While This Was Enacting, I Happened To Be In My Hut; Thus I Was Not An
Eye-Witness.
About an hour later, I called some of my men to assist me
in cleaning some rifles.
Hardly had we commenced, when three shots were
fired within a hundred paces of my hut. My men exclaimed, "They have
shot the Abid (native)!" "What native?" I inquired. They then related
the story I have just described. Brutal as these bloodthirsty villains
were, I could hardly believe in so cold-blooded a murder. I immediately
sent my people and the boy Saat to verify it; they returned with the
report that the wretched father was sitting on the ground, bound to a
tree, dead; shot by three balls.
I must do Ibrahim the justice to explain that he was not in the camp;
had he been present, this murder would not have been committed, as he
scrupulously avoided any such acts in my vicinity. A few days later, a
girl about sixteen, and her mother, who were slaves, were missing; they
had escaped. The hue and cry was at once raised. Ibrahimawa, the
"Sinbad" of Bornu, who had himself been a slave, was the most
indefatigable slave-hunter. He and a party at once started upon the
tracks of the fugitives. They did not return until the following day;
but where was the runaway who could escape from so true a bloodhound?

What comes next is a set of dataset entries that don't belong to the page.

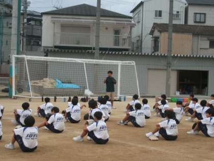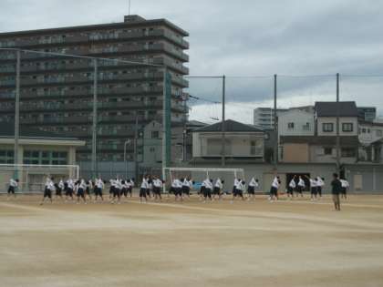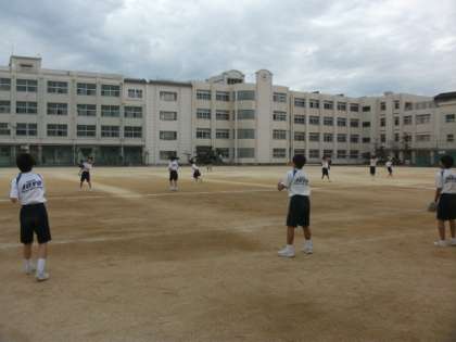 本日、1限目に1年1、2組において、体育科の石井先生の研究授業を運動場で行いました。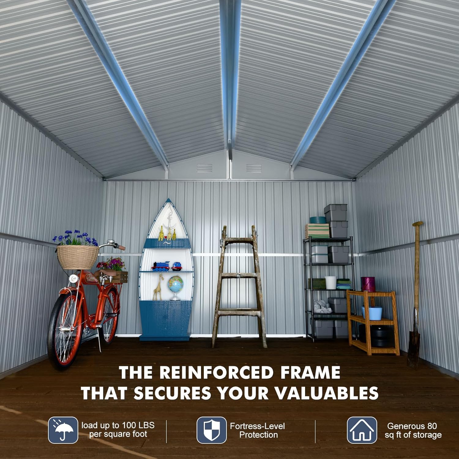 Metal Shed 8x10x6 FT - Steel Tool Storage with Sliding Door and Air Vents - Outdoor Bike Sheds for Garden, Backyard, Patio - Utility Storage Solution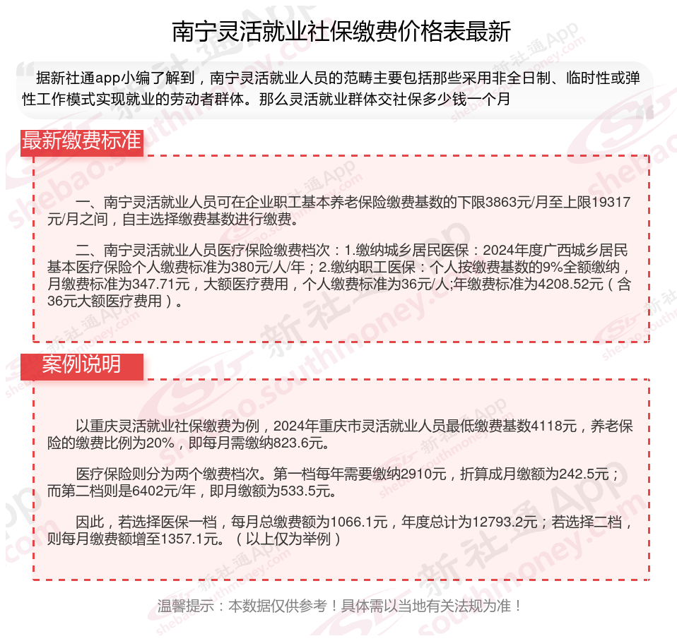 以上就是南宁灵活就业社保缴费的全部内容,数据及内容供参考!希望对你有帮助,欢迎关注新社通解锁更多社保专业资讯。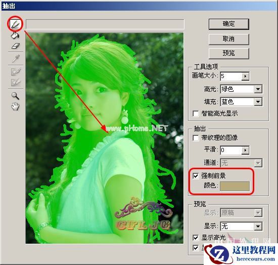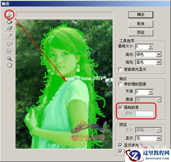 2、在图层1执行滤镜--抽出,在强制前景处打勾,颜色设定为白色,用边缘高光器工具按图示涂抹绿色,需要注意的是细心与否是成败的关键,在边缘的发丝处用小一点的笔触(这里选择了5)一根一根的涂抹(若看不清可用放大镜工具把图放大),中间的部分可用大一些的笔触涂抹,以节省时间。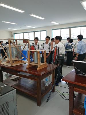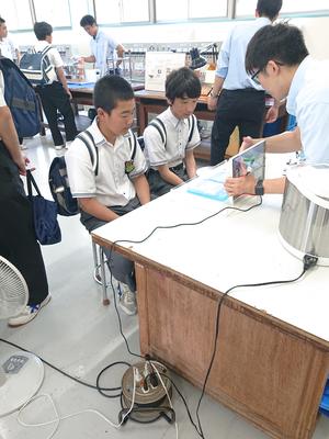 高等学校オープンスクール真っ盛り! 2019年7月26日 16時06分 3年生が高校の体験入学に参加しています。小高産業技術高等学校の電気科に参加した生徒達は、初めて見る施設や設備に興味津々。進学への意欲を高めていました。
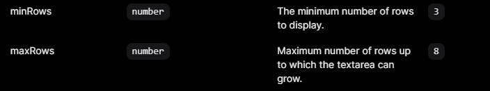 | maxRows={30}: textarea에서 텍스트 초과 시 연장되는 길이.

The young girl and her mother were led into camp tied together by the
neck, and were immediately condemned to be hanged. I happened to be
present, as, knowing the whole affair, I had been anxiously awaiting the
result. I took this opportunity of explaining to the Turks that I would
use any force to prevent such an act, and that I would report the names
of all those to the Egyptian authorities who should commit any murder
that I could prove; neither would I permit the two captives to be
flogged - they were accordingly pardoned. [It will be observed that at
this period of the expedition I had acquired an extraordinary influence
over the people, that enabled me to exert an authority which saved the
lives of many unfortunate creatures who would otherwise have been
victims.]
There was among the slaves a woman who had been captured in the attack
upon Fowooka. This woman I have already mentioned as having a very
beautiful boy, who at the time of the capture was a little more than a
year old.
So determined was her character, that she had run away five times with
her child, but on every occasion she had been recaptured, after having
suffered much by hunger and thirst in endeavouring to find her way back
to Unyoro through the uninhabited wilderness between Shooa and Karuma.
On the last occasion of her capture, the Turks had decided upon her
being incorrigible, therefore she had received 144 blows with the
coorbatch (hippopotamus whip), and had been sold separately from her
child to the party belonging to Mahommed Wat-el-Mek.